Why Some People Dislike Receiving Oral Sex
Just as some individuals have an aversion to the smell and/or taste of others’ genitals, some also are self-conscious about their own scent and taste. They may be self-conscious enough to prevent their partner from giving.
Not everyone is an expert when it comes to oral sex techniques. Also, not everyone is willing to communicate to their partner about what to do and what does and does not feel good to them. Being afraid to tell their partner they are not doing it in a pleasurable manner, in order to spare their feelings, does not benefit anyone. Some people would just as soon say nothing and forgo the act.
Again, past trauma can produce a triggering event when receiving oral sex just as it can when giving oral sex.
Even if one’s partner is a magician when it comes to oral sex and does everything right, some people simply do not like the sensation. In other cases, it may result in the production of too much stimulation and that sensation can be unpleasant for some.
If one has a poor genital self-image, they may not want their partner down there. And finally, as above, Intimacy issues may be at play.
What This Means for Partners
It’s perfectly normal to dislike oral sex—either receiving or giving. There is no sexual covenant stating that one must like and perform oral sex.
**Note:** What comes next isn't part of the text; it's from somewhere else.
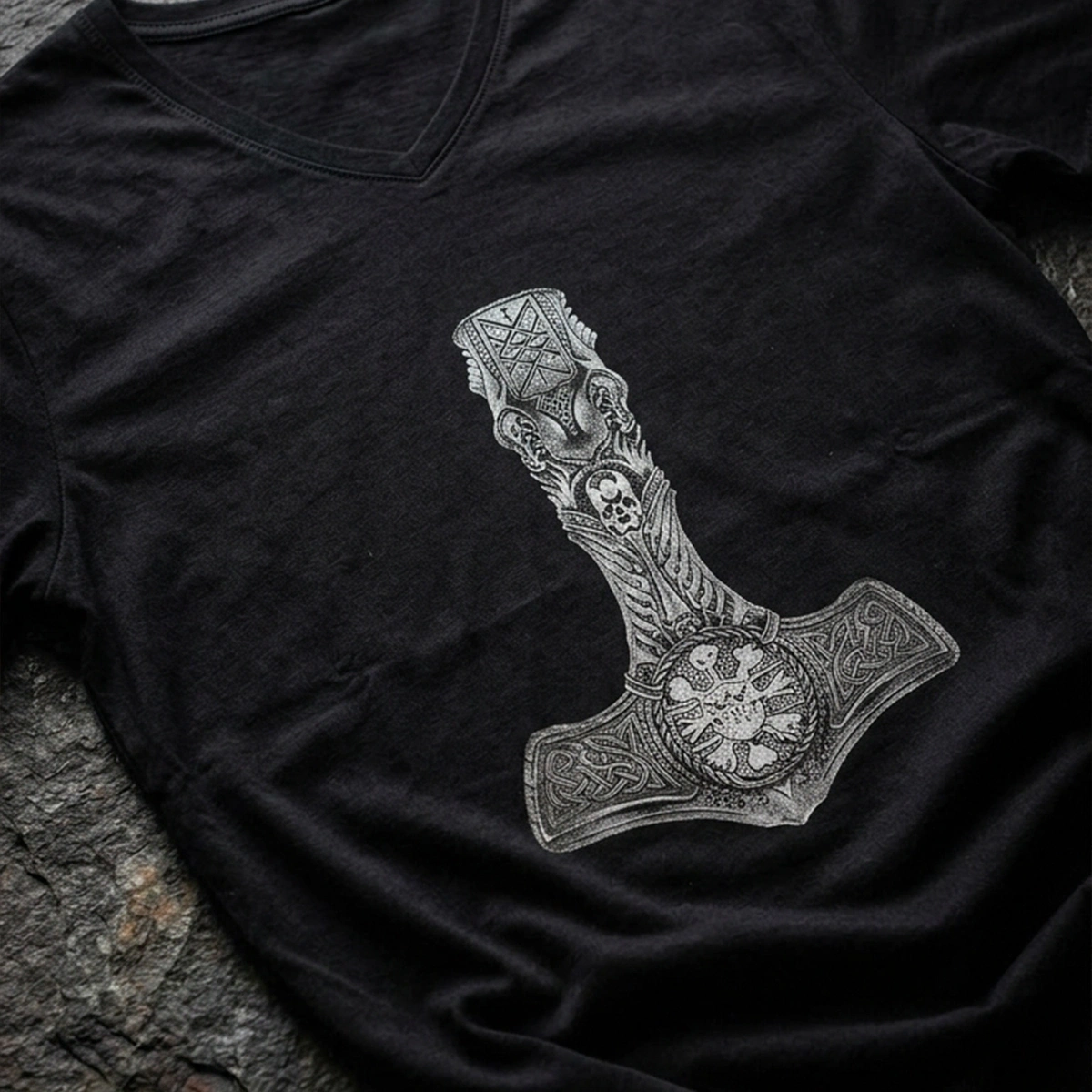 Warrior Axe Printed V Neck Men's Black T-Shirt

One also does not need to confine themself to accepted socio-sexual scripts. It's acceptable to break from those cultural and sexual scripts that claim “oral sex is the best feeling” or “oral sex is the best and easiest way for a woman to orgasm.”
If there are intimacy issues in a relationship or if oral sex can trigger a response to past trauma, those are issues that need to be addressed separately. Reactions to oral sex as a sexual behavior could be an indicator of serious, underlying problems. On the whole, these things need to be communicated between partners and navigated together.
Oral sex can be wonderful, amazing, and fun. In order for that to happen, however, everyone needs to want to take part in it—and there shouldn't be shaming of those who just aren't into it.
References
Hunt, A., & Curtis B. (2006). A genealogy of the genital kiss: Oral sex in the twentieth century. The Canadian Journal of Human Sexuality, 15(2), 69-84.
Wahl, D.W. (2020). Speaking through the silence: Narratives, interaction, and the construction of sexual selves. Proquest.